## Problem to solve
Please reproduce the lines of the records below from the one holding "수단, 우간다, 부룬디, 탄자니아, 말라위, 잠비아, 콩고, 중앙아프리카, 르완다, 에티오피아" through the one holding "Nos estáis preguntado", inclusive, skipping all pictures.

## Entries shown
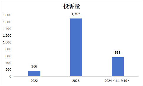 近年来,苹果手机在产品售价、质量和售后服务等方面屡遭投诉。根据中国电子商会旗下的消费服务保障平台消费保数据显示,截至2024年9月10日,平台共收到苹果手机相关投诉3,404件,其中2023年投诉量同比增长超9倍;累计涉诉金额超1,809万元,有效投诉解决率仅为3.85%。
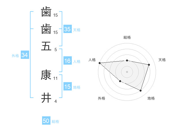 歯歯五 康井さんを姓名の画数から五運を鑑定
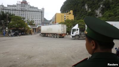 Nhân viên hải quan Việt Nam giám sát xe tải băng qua cửa khẩu Tân Thanh với Trung Quốc ở tỉnh Lạng Sơn, ngày 30/7/2014.
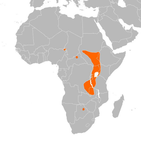 수단, 우간다, 부룬디, 탄자니아, 말라위, 잠비아, 콩고, 중앙아프리카, 르완다, 에티오피아 등에 분포한다.
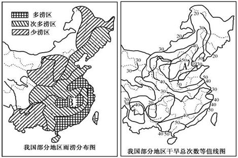 32.读《我国部分地区雨涝分布图》(图14)和《我国部分地区干旱总次数等值线图》(图15),结合所学知识回答下列问题。(8分)
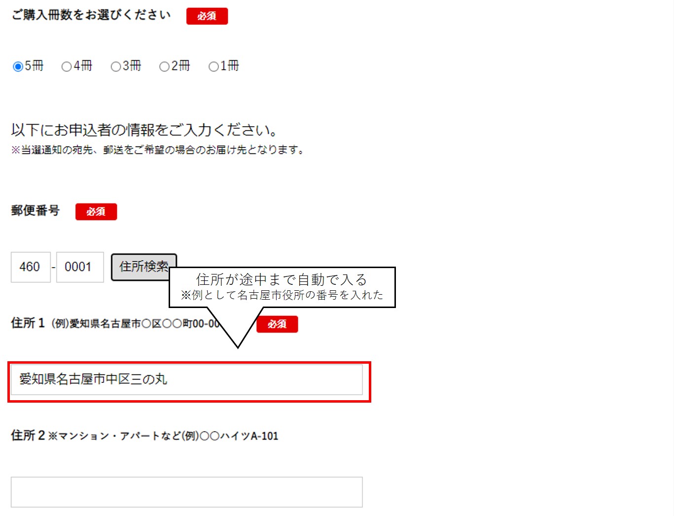 正しい郵便番号が入力されていれば、住所が途中まで自動的に入ります。
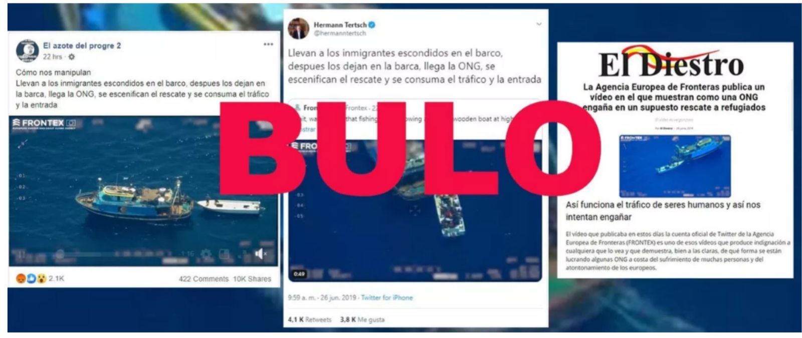 Nos estáis preguntado por un vídeo de la Agencia Europea de la Guardia de Fronteras y Costas (conocida como FRONTEX por sus siglas en inglés) en el que se aprecia a una multitud de personas, algunas con chalecos salvavidas, saltando de un barco pesquero a un bote más pequeño en medio del mar y a plena luz del día. Como os contamos se difundió diciendo que son ONG (Organizaciones No Gubernamentales) que "escenifican un rescate". Es un bulo: no hay ninguna ONG implicada en la operación.
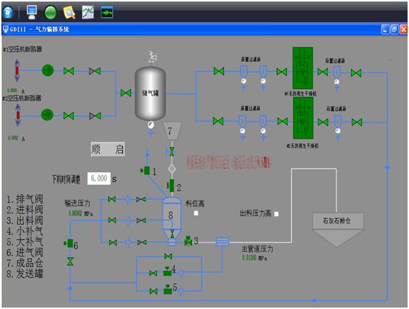 控制范圍:從發(fā)送罐進料口到#3石灰石粉倉庫頂入口為止的所有設(shè)備及儀表,主要控制范圍如下:進料閥、進氣閥、出料閥、排氣閥、大補氣閥、小補氣閥、料位計電接點壓力表、灰管壓力變送器、空氣母管壓力變送器、儀用氣母管壓力變送器。
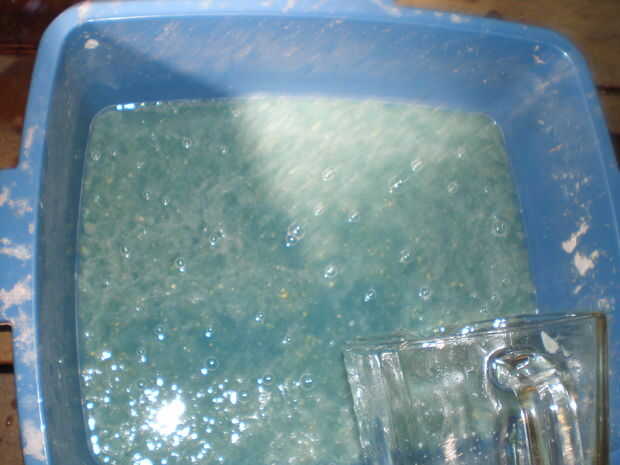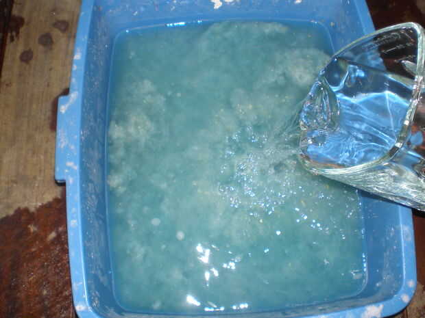 Este es quizás el paso más fácil porque todo lo que necesitas hacer es verter la pasta en la cubeta estanca y agregue varios galones de agua. No importa si es agua tibia o fría esta vez. El agua ayudará a hacer su papel más plano y más delgado. Pero cuidado, porque si pones demasiada agua su papel puede: ser muy delgadas, tienen agujeros, o difícil de secar. Después dé la mezcla una agitación rápida.

## Exercise solution
 수단, 우간다, 부룬디, 탄자니아, 말라위, 잠비아, 콩고, 중앙아프리카, 르완다, 에티오피아 등에 분포한다.
 32.读《我国部分地区雨涝分布图》(图14)和《我国部分地区干旱总次数等值线图》(图15),结合所学知识回答下列问题。(8分)
 正しい郵便番号が入力されていれば、住所が途中まで自動的に入ります。
 Nos estáis preguntado por un vídeo de la Agencia Europea de la Guardia de Fronteras y Costas (conocida como FRONTEX por sus siglas en inglés) en el que se aprecia a una multitud de personas, algunas con chalecos salvavidas, saltando de un barco pesquero a un bote más pequeño en medio del mar y a plena luz del día. Como os contamos se difundió diciendo que son ONG (Organizaciones No Gubernamentales) que "escenifican un rescate". Es un bulo: no hay ninguna ONG implicada en la operación.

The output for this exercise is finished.